Ariosti trat 1716 zum ersten Mal in London auf und spielte zwischen den Akten von Händels Oper Amadigi "ein neues Instrument namens Viola d'Amour". Auch seine Oper Tito Manlio wurde dort in derselben Spielzeit aufgeführt. Die Zahl seiner Kompositionen ist nicht so groß wie die vieler seiner Zeitgenossen, was zweifellos darauf zurückzuführen ist, dass er sich häufig auf seine Lehrtätigkeit, seine kirchlichen und diplomatischen Aufgaben, seine Gesangs-, Orgel-, Cembalo- und Cellokonzerte oder seine Auftritte mit der Viola d'amore konzentrierte. Seine Bühnenwerke sind dramaturgisch sehr wirkungsvoll; Ariostis chromatische Techniken konnten auch Schrecken und Verzweiflung überzeugned darstellen oder das Publikum zu Tränen rühren.

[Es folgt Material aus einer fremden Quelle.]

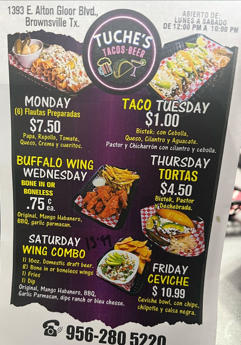 Welcome to Tuche's Tacos and Beer, a family-friendly gem nestled in Brownsville, TX. This inviting eatery is a taco lover's paradise, serving up an impressive selection of tacos and refreshing beverages. Guests rave about the robust flavors found in their bistek and ribeye tacos, but the standout has to be the shrimp gobernador—a culinary delight that leaves a lasting impression.

Von 1722 bis 1728 stand er auf dem Höhepunkt seiner Karriere, doch als die Königliche Akademie, für die er komponierte, 1728 in Bankrott ging und es offenbar nicht mehr gelang, Ariosti für seine letzte Oper zu bezahlen, geriet er in Armut. Die Grabinschrift von Paolo Rolli lässt vermuten, dass sein Lebensstil daran schuld sein könnte: "Hier liegt Attilio Ariosti, er würde sich mehr leihen, wenn er sich an Sie wenden könnte. Von 1722 bis 1728 stand er auf dem Höhepunkt seiner Karriere, doch als die Königliche Akademie, für die er komponierte, 1728 in Bankrott ging und es offenbar nicht mehr gelang, Ariosti für seine letzte Oper zu bezahlen, geriet er in Armut. Die Grabinschrift von Paolo Rolli lässt vermuten, dass sein Lebensstil daran schuld sein könnte: „Hier liegt Attilio Ariosti, er würde sich mehr leihen, wenn er sich an Sie wenden könnte. Bis zum letzten Augenblick hat er als Mönch – auf Kosten anderer – gelebt - und starb auch so."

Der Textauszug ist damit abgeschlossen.